## Description of the task
Could you transcribe exactly the lines below, from the line with "3、加羊肝翻炒均勻出水分出香味" through the line with "Кабелерез SHTOK 08112", and nothing else, leaving out the pictures?

## Data records
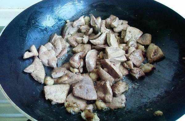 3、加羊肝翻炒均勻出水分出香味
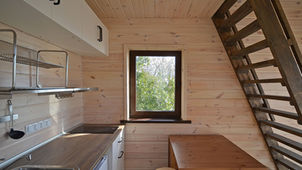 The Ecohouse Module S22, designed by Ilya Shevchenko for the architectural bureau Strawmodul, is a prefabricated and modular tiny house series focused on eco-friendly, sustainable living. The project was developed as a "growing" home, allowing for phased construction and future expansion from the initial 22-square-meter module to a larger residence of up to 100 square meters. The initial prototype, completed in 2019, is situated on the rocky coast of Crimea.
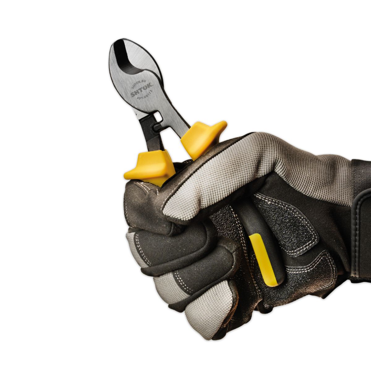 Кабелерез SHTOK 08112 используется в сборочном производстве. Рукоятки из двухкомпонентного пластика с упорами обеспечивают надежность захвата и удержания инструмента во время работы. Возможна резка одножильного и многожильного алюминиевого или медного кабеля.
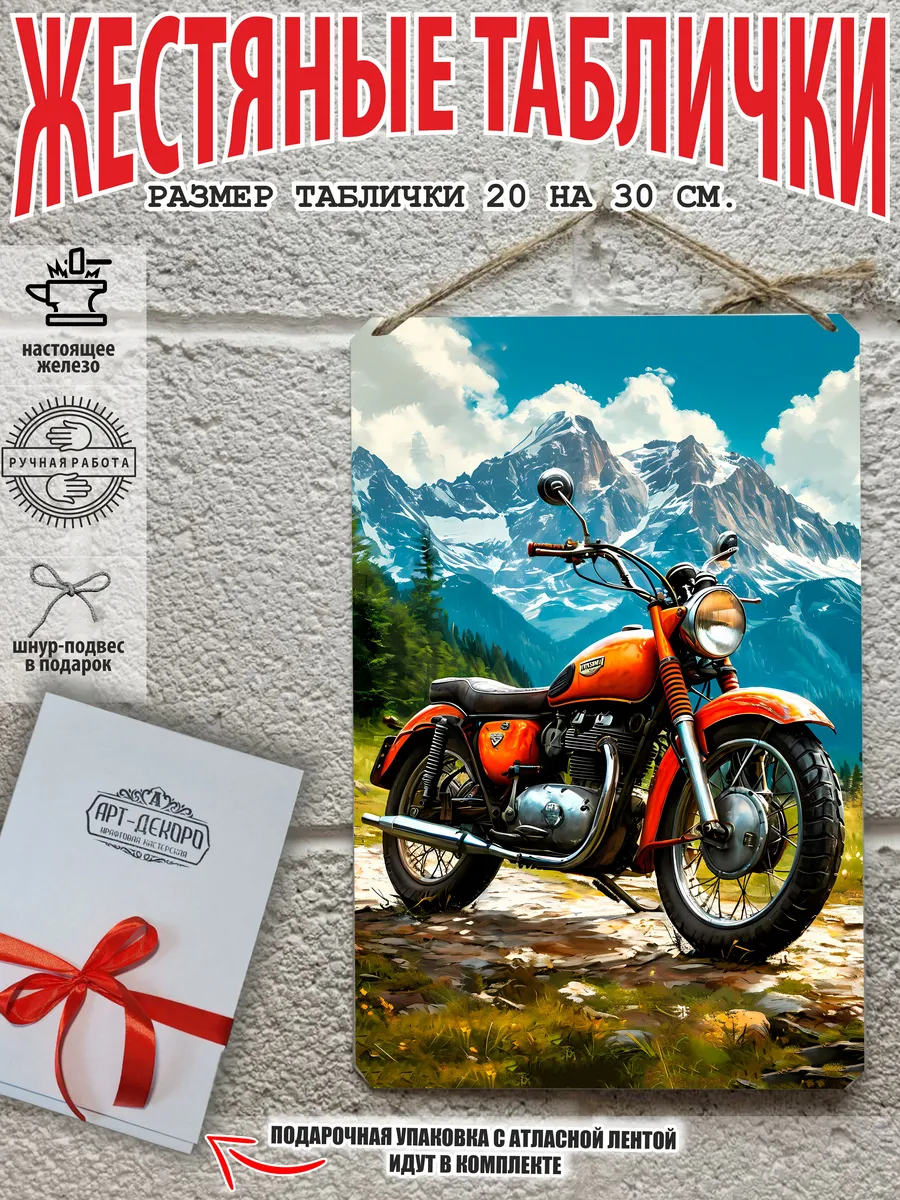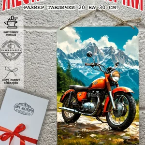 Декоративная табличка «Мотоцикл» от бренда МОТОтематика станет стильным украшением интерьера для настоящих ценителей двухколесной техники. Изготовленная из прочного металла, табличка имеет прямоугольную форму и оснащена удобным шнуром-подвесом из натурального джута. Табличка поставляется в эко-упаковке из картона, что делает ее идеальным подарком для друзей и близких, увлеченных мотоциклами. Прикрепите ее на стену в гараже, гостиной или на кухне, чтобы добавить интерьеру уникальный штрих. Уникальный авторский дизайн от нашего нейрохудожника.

--

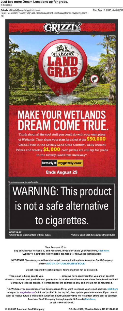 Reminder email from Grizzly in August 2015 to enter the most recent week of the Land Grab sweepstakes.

## Solved problem
 3、加羊肝翻炒均勻出水分出香味
 The Ecohouse Module S22, designed by Ilya Shevchenko for the architectural bureau Strawmodul, is a prefabricated and modular tiny house series focused on eco-friendly, sustainable living. The project was developed as a "growing" home, allowing for phased construction and future expansion from the initial 22-square-meter module to a larger residence of up to 100 square meters. The initial prototype, completed in 2019, is situated on the rocky coast of Crimea.
 Кабелерез SHTOK 08112 используется в сборочном производстве. Рукоятки из двухкомпонентного пластика с упорами обеспечивают надежность захвата и удержания инструмента во время работы. Возможна резка одножильного и многожильного алюминиевого или медного кабеля.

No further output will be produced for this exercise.